Here we’re making use of Markdown links, with some text describing the link within [] followed by the link itself within ().

One really neat feature - and a common practice - of using many CI infrastructures is that we can include the status of running recent tests within our README file. Just below the # RiverCatch title on our README.md file, add the following (replacing <your_github_username> with your own:

# RiverCatch
![Continuous Integration build in GitHub Actions](https://github.com/<your_github_username>/python-intermediate-catchment/workflows/CI/badge.svg?branch=main)
...

This will embed a badge (icon) at the top of our page that reflects the most recent GitHub Actions build status of your software repository, essentially showing whether the tests that were run when the last change was made to the main branch succeeded or failed.

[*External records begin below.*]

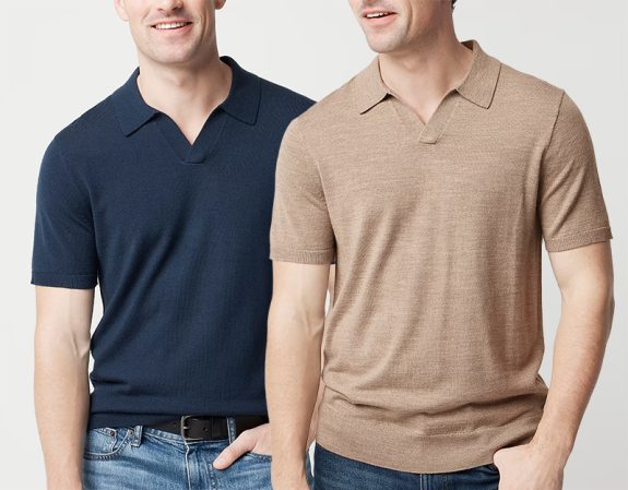 Merino wool-blend johnny-collar sweater-polos – $17.39 FINAL ($57.99)
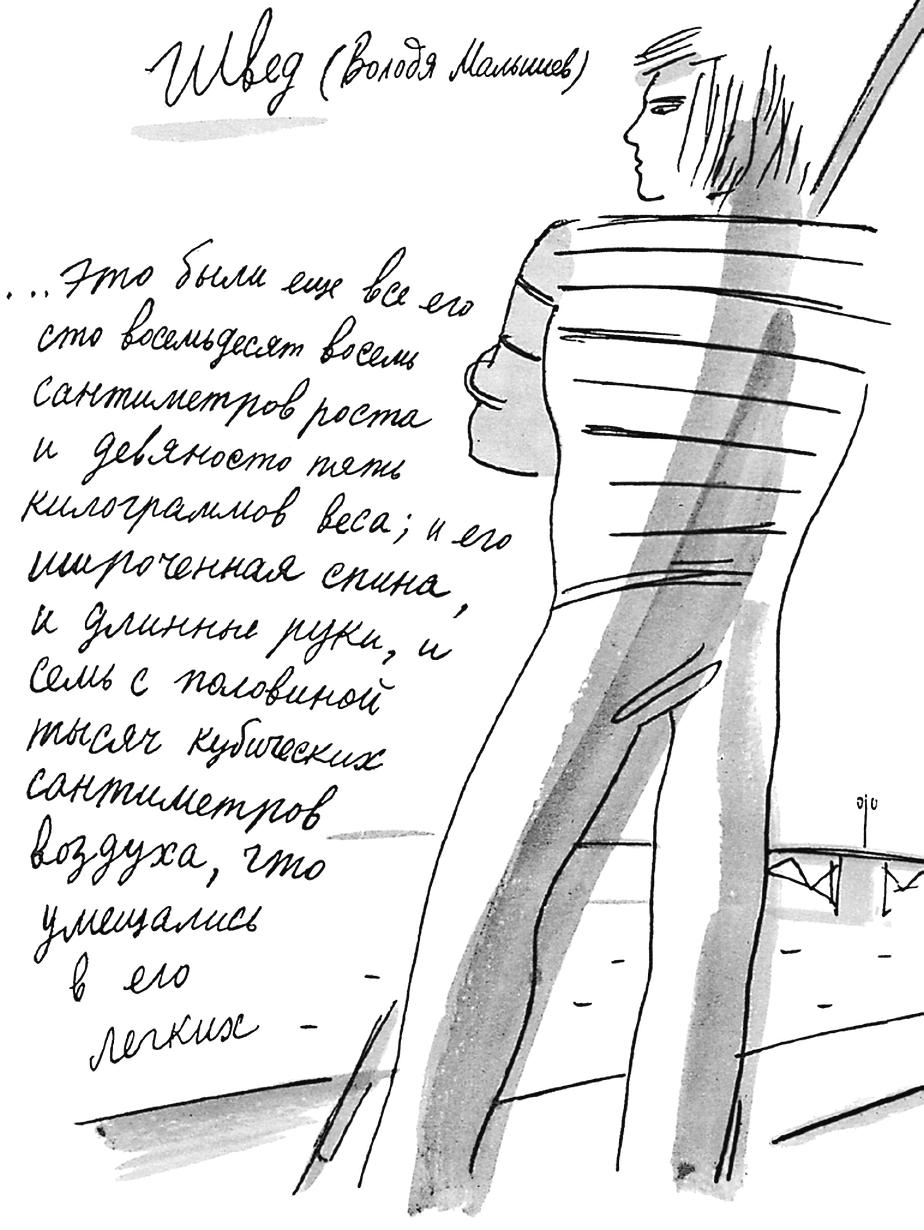 Поэтому, когда хотели сказать про Шведа, то говорили: «Вон там идёт Малышев, Швед, тот, что загребным у „бедняг“. В то время как всем остальным не полагалось ничего, кроме номера, на котором мы сидели в лодке, так что я, например, был „бедняга-пятый“, а Пончик – „бедняга-четвёртый“, и это было ужасно обидно, потому что звучало каждый раз так, словно мы все были какими-то заморышами из приюта, а не здоровыми парнями. Здоровее многих и многих, которых называли по-человечески, „карасей“, например, из безрульной четвёрки Карасёва или даже „булочек“ – из восьмёрки Булочкина.
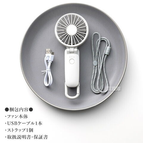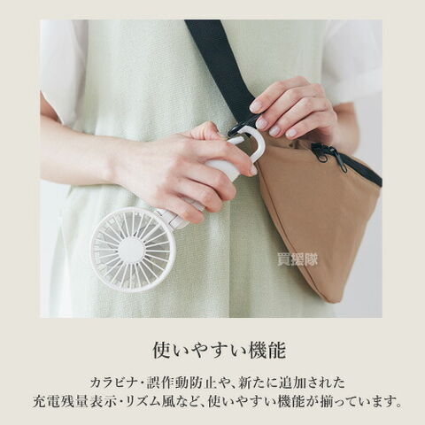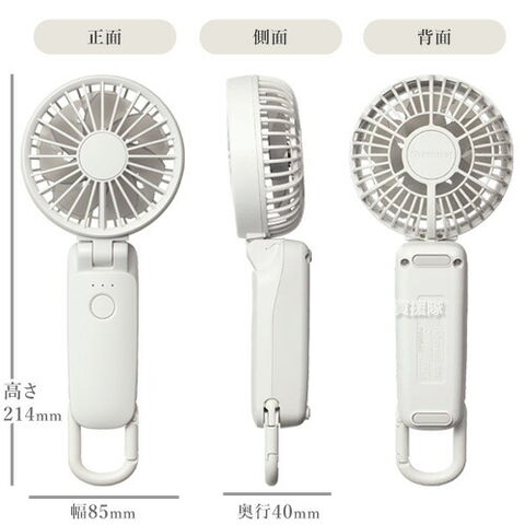 機能 長寿命のDCブラシレスモーター、USB充電(CtoC対応)、充電時間 約6時間(電源OFF状態)(USB Power Delivery 未対応)、充電切れ予告表示(LED3灯でお知らせ)、誤動作防止機能(ボタン1秒長押しで電源ON/OFF)、風向き角度調整(前後方向)/無段階(0~110度)、カラビナ付き
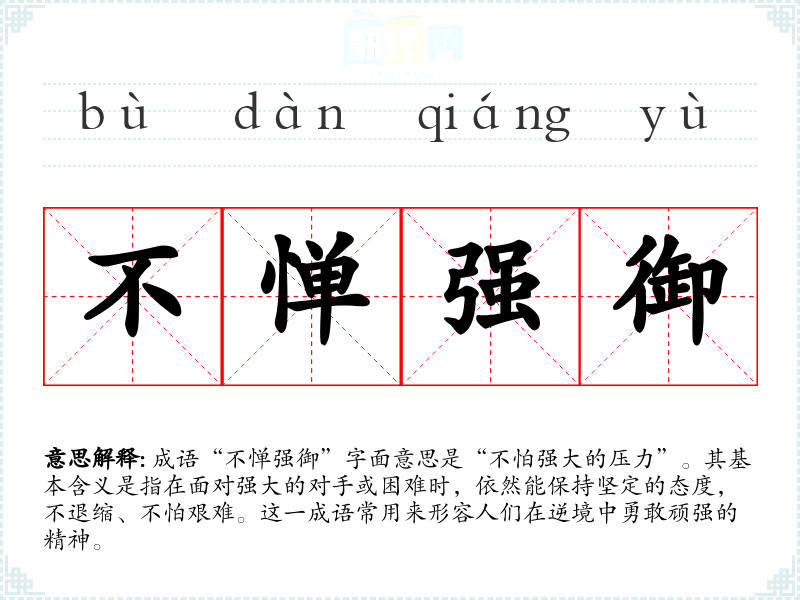 成语“不惮强御”字面意思是“不怕强大的压力”。其基本含义是指在面对强大的对手或困难时,依然能保持坚定的态度,不退缩、不怕艰难。这一成语常用来形容人们在逆境中勇敢顽强的精神。
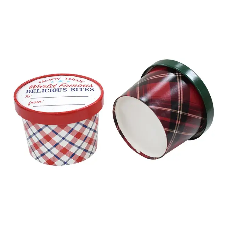 Logotipo personalizado 6oz doble pared de helado taza de papel/tapas de cuencos Mini contenedor de postre conjunto de estampado de helado de impresión
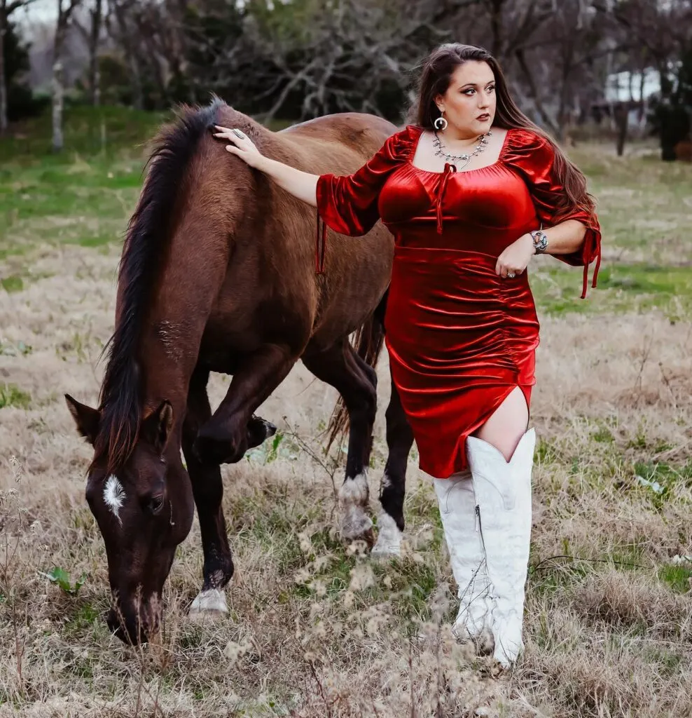 This plus-size cowgirl outfit exudes elegance with Western flair. The rich red velvet dress hugs curves beautifully, with ruched sleeves and a thigh-high slit adding dramatic detail. The texture brings a luxurious feel, perfect for fall or winter countryside shoots.

That’s got us started with documenting our code, but there are other aspects we should also cover:

Installation/deployment: step-by-step instructions for setting up the software so it can be used
Basic usage: step-by-step instructions that cover using the software to accomplish basic tasks
Contributing: for those wishing to contribute to the software’s development, this is an opportunity to detail what kinds of contribution are sought and how to get involved
Contact information/getting help: which may include things like key author email addresses, and links to mailing lists and other resources
Credits/acknowledgements: where appropriate, be sure to credit those who have helped in the software’s development or inspired it
Citation: particularly for academic software, it’s a very good idea to specify a reference to an appropriate academic publication so other academics can cite use of the software in their own publications and media. You can do this within a separate CITATION text file within the repository’s root directory and link to it from the Markdown
Licence: a short description of and link to the software’s licence

For more verbose sections, there are usually just highlights in the README with links to further information, which may be held within other Markdown files within the repository or elsewhere.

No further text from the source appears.